Public health representatives from various Gaza institutions met last week to discuss the decreasing ability of the fragile health infrastructure to cope with critical shortages.
With 30% of medicines and 50% of medical disposables out of stock at the Central Drug Store in Gaza, health care providers cannot supply patients with the right kind or amount of medications.
Large generators for powering hospitals during 14-hour electricity cuts have frequent breakdowns. One of two generators powering the Gaza European hospital burned out last month.
The remaining generators are unreliable and diesel is scarce, expensive and can supply only partial needs, such as the 200 patients in intensive care units. In recent months, government hospitals have reduced non-urgent surgeries by almost half in an effort to conserve fuel and medical supplies for urgent cases, said WHO.
“Except for a stoppage in life-saving treatments, for example dialysis for patients with kidney disease, the impact on health is largely invisible.

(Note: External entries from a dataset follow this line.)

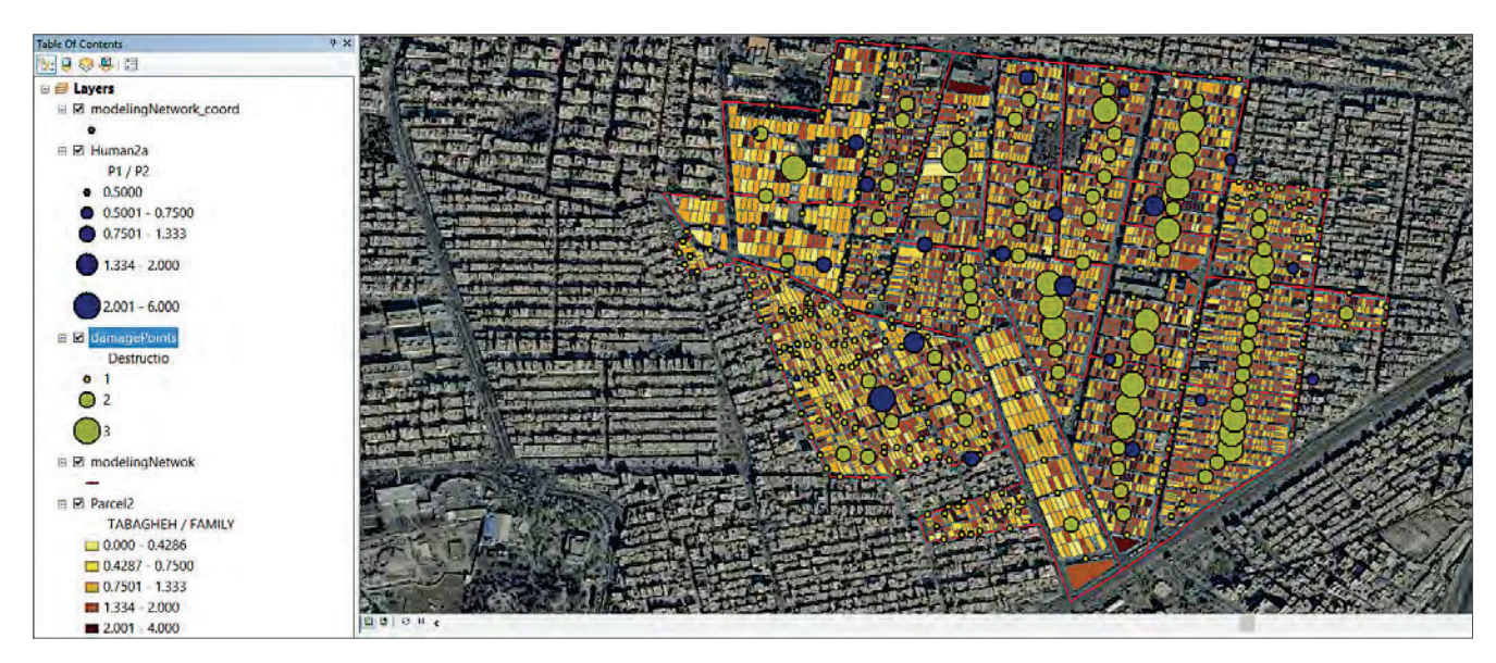
Figure 2: Input data illustrated in GIS to use in the DMCsim for District 17 of the city of Tehran, Iran simulation.

The DMCsim result and evaluation for this case study experimentation demonstrates that if, for instance, an earthquake of level 1 intensity or damage level hit the study area and available responders were deployed to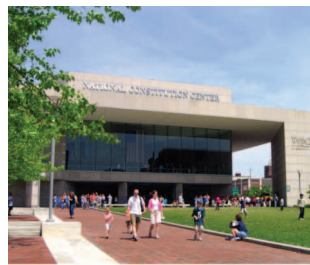
10 Outside view of the National Constitution Center.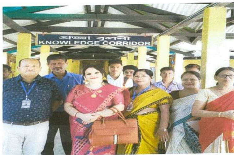
Teachers & students of Dept of History & Education with Guests during the seminar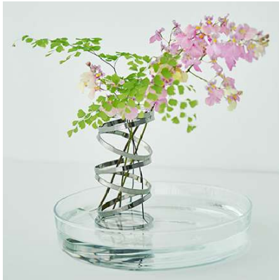
Ring (JPY 7,200)

Allows you to maintain your fresh plants with clean water. Makes firm grip for a single flower while decorating it into a beautiful arrangement. Turns an ordinary container (wine glass, plates) into an elegant vase.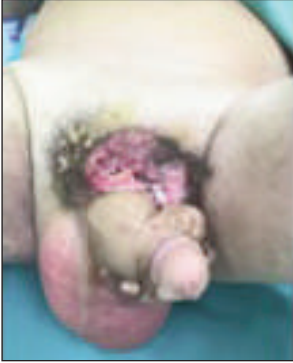
Figure 1. Penile lesion.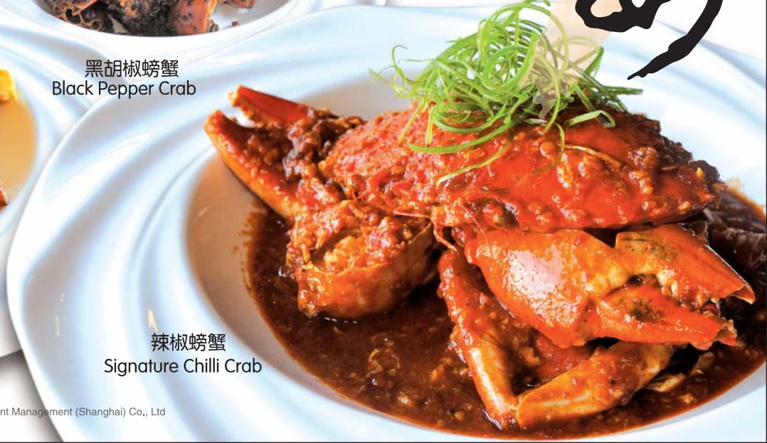
辣椒螃蟹 Signature Chilli Crab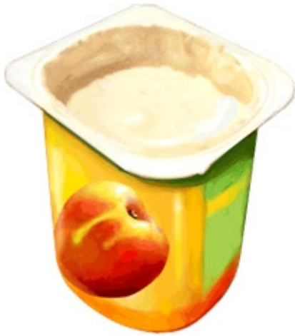
1 small tub of yoghurt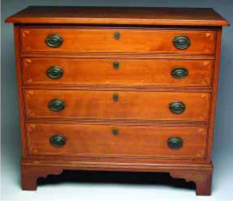
159. NEW ENGLAND CHIPPENDALE CHERRY INLAID GRADUATED FOUR DRAWER CHEST, circa 1780, with quarter fan inlay. Height 36 in. Width 40 \frac{3}{4} in. Depth 19 in.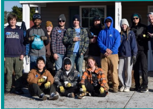
On a chilly Saturday in January a group of CCF students from UNCW helped serve with the Cape Fear Habitat for Humanity, our assignment was mainly to lay down sod in a recently built home as it was nearing completion.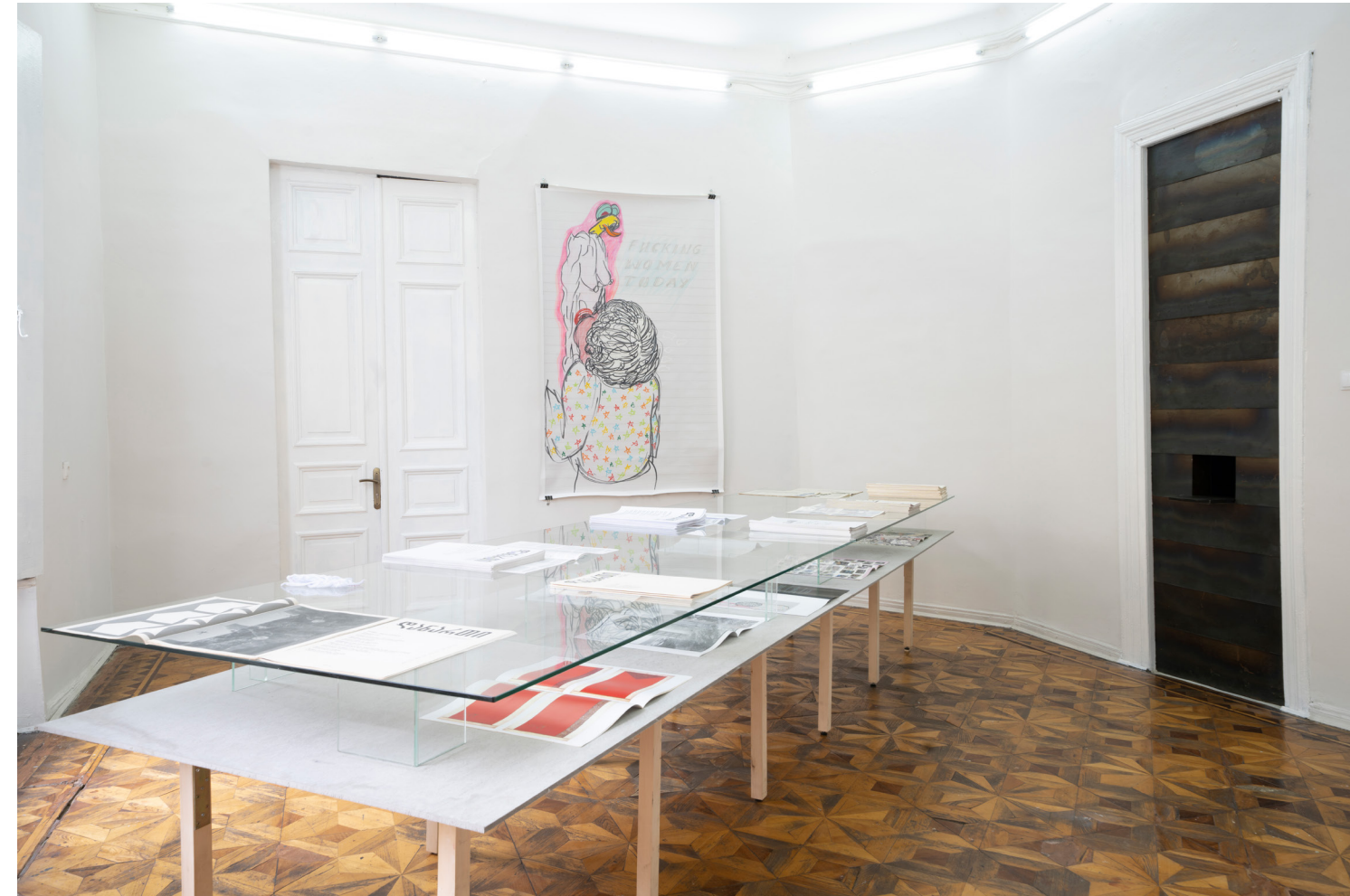
Danarti Archive and More , 2024, E.A. Shared Space, Tbilisi. Installation View.

It translates as more suffering for the patient, unnecessary complications, lower quality of life and often premature death,” explained the statement.
Most recently Gaza residents are suffering from disruption in fuel access, making long electricity blackouts a constant problem for every household and health facility. Power shortages cause a chain reaction of consequences that directly and indirectly affect population health and the health system, as water supplies are curtailed, sewage pumps rendered inoperable, and ground transportation, even for basic public health services such as solid waste removal, becomes less frequent.
The severe and prolonged shortages of fuel, electricity and medicines along with widespread poverty stem from six years of Israeli blockade and tight restrictions into and out of Gaza’s borders for people and goods.
Resupply of medicines and disposables has been sporadic due in part to chronic shortages in the main drug warehouse caused by the Palestinian Authority budget deficit.
Palestinian Authority resupply of drugs and disposables has been reduced over the past six months to one shipment of $1 million compared to $5 million in the previous half year. Medical donations and medical missions that used to arrive to Gaza from charities in the Arab world have almost halted.
Middle income families can rely on small generators for domestic use — expensive to operate and often dangerous — but they are no substitute for direct power, said WHO.
At home, patients, and especially the poor, who depend on portable medical equipment to aid their breathing, heart function, monitoring, home dialysis, and even to supply heat, in the case of infants or elderly patients, are particularly stressed by unstable supply of electricity.
WHO called for long-term systemic solutions to the chronic humanitarian crisis of shortages, rather than short-term aid which relieves but fails to improve the underlying social determinants of health in Gaza.